Part of the problem is that the encoding/decoding of timestamps beyond
2038 is already broken today, so I don't think anyone has been using
them so far. This gives us some leeway for fixing this problem I think.

> Possible solutions:
>
> (a) Define the current 64-bit encoding as the correct encoding since
> the 2 extra bits are not even decoded on 32-bit kernels, so its
> encoding doesn't matter much. However, if anyone with existing
> pre-1970 timestamps written using a 32-bit kernel wants to use
> their ext4 filesystem with a 64-bit kernel, the pre-1970
> timestamps would be wrong unless they re-write them with a
> fixed kernel.
>
> Change ext4_decode_extra_time "if" body to something like:
> time->tv_sec += ((__u32)time->tv_sec +
> ((__u64)le32_to_cpu(extra) << 32) +
> 0x80000000LL) & 0x300000000LL;
>
> Change ext4_encode_extra_time ": 0" to something like:
> time->tv_sec < 0 ? EXT4_EPOCH_MASK : 0

The real-world problem isn't with 32-bit systems, where it doesn't
really matter at all how time is encoded, nor with files on 64-bit systems
with timestamps 26 years in the future, but rather 256-byte inodes that
were previously written with ext3 that will break if they are mounted
with ext4 on a 64-bit system.

> (b) Change the encoding of the extra bits to be those in your new
> table. This is compatible with the 32-bit kernel encoding
> (which does not decode these bits) but incompatible with the
> 64-bit kernel encoding. Existing pre-1970 timestamps written
> with a 64-bit kernel would be decoded as dates far in the future.
>
> Requires your change to ext4_decode_extra_time.
> Also requires a change to ext4_encode_extra_time, changing
> (time->tv_sec >> 32) to something like:
> ((time->tv_sec - (signed int)time->tv_sec) >> 32)

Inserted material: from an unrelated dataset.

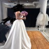 The floor-length skirt cascades gracefully, enveloping you in layers of sumptuous fabric that flow effortlessly as you move. The ivory color captures the essence of purity and sophistication, providing a stunning canvas for your bridal vision. Delicate details and luxurious materials ensure that this dress not only looks stunning but feels comfortable throughout your celebrations.

I think this is a reasonable solution, but I dislike that it breaks
pre-1970 timestamps on 64-bit systems.

> (c) If 100% compatibility with existing pre-1970 32-bit timestamps
> is desired even when switching between 32-bit and 64-bit kernels,
> both extra=1,1/msb=1 and extra=0,0/msb=1 could be treated as year
> 1901..1969 timestamps. However this would reduce the maximum
> 64-bit ext4 timestamp, and would necessarily be incompatible with
> the existing 64-bit kernel encoding of timestamps > year 2038
> (since a current 64-bit kernel encodes a year 2039 timestamp
> exactly the same as a current 32-bit kernel encodes a year 1902
> timestamp).
>
> This requires additional complexity in both ext4_decode_extra_time
> and ext4_encode_extra_time.

This would also be a good option for the short term, and then have e2fsck
fix up the "11" encoded pre-1970 times to use "00", or just allow both
to work. This cuts 136 years off the range (2310-04-04..2446-05-10) but
to be honest I don't think that will matter very much.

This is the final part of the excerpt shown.